> YOUR GOAL:
In the records below, the line with "bruiloftsbord seatingplan getekend" opens the range and the line with "熱交換器のカビやホコリを専用の資器材と薬剤で高圧洗浄。" closes it; print that range exactly and nothing else.

> DATA EXTRACTS:
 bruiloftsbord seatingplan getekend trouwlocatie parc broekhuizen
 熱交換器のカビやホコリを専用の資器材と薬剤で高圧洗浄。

--

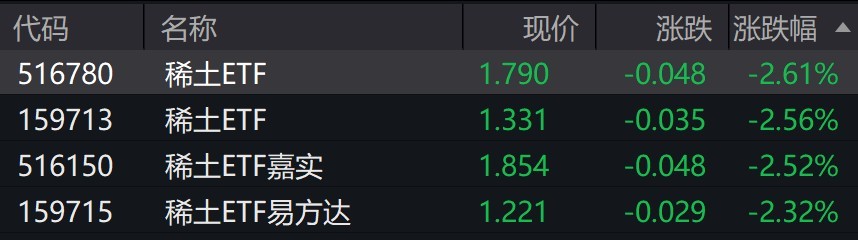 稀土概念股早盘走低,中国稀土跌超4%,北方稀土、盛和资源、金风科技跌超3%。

---

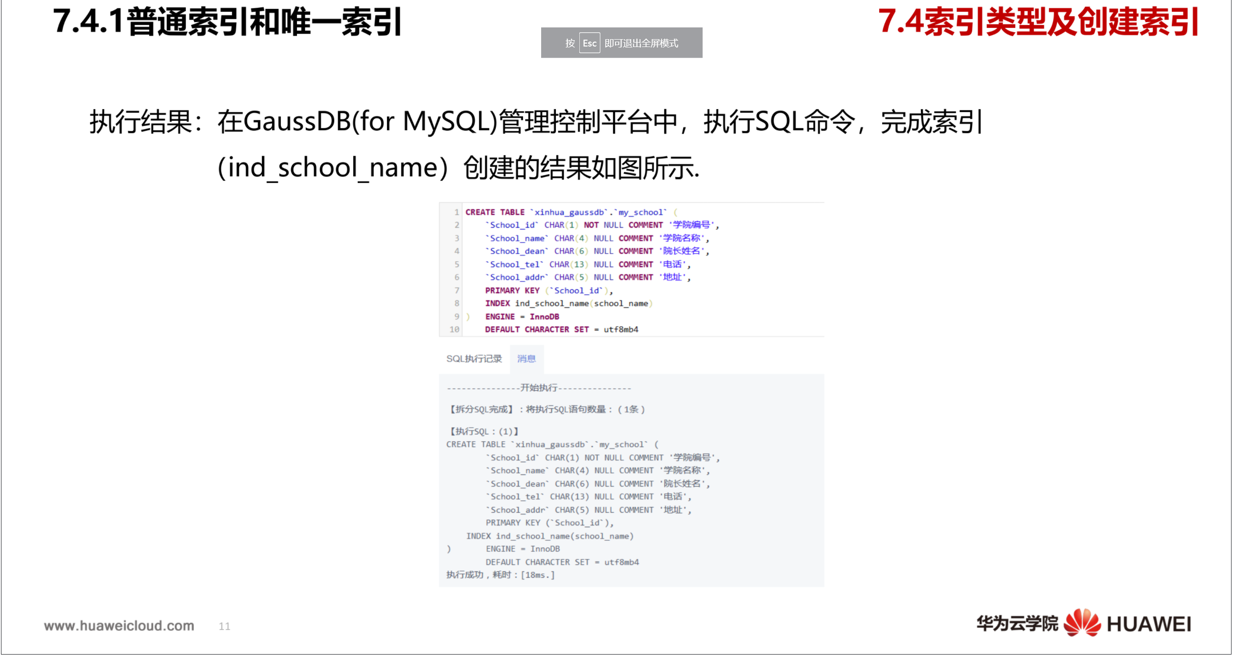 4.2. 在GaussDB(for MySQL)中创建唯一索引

> OUTPUT OF THE TASK:
 bruiloftsbord seatingplan getekend trouwlocatie parc broekhuizen
 熱交換器のカビやホコリを専用の資器材と薬剤で高圧洗浄。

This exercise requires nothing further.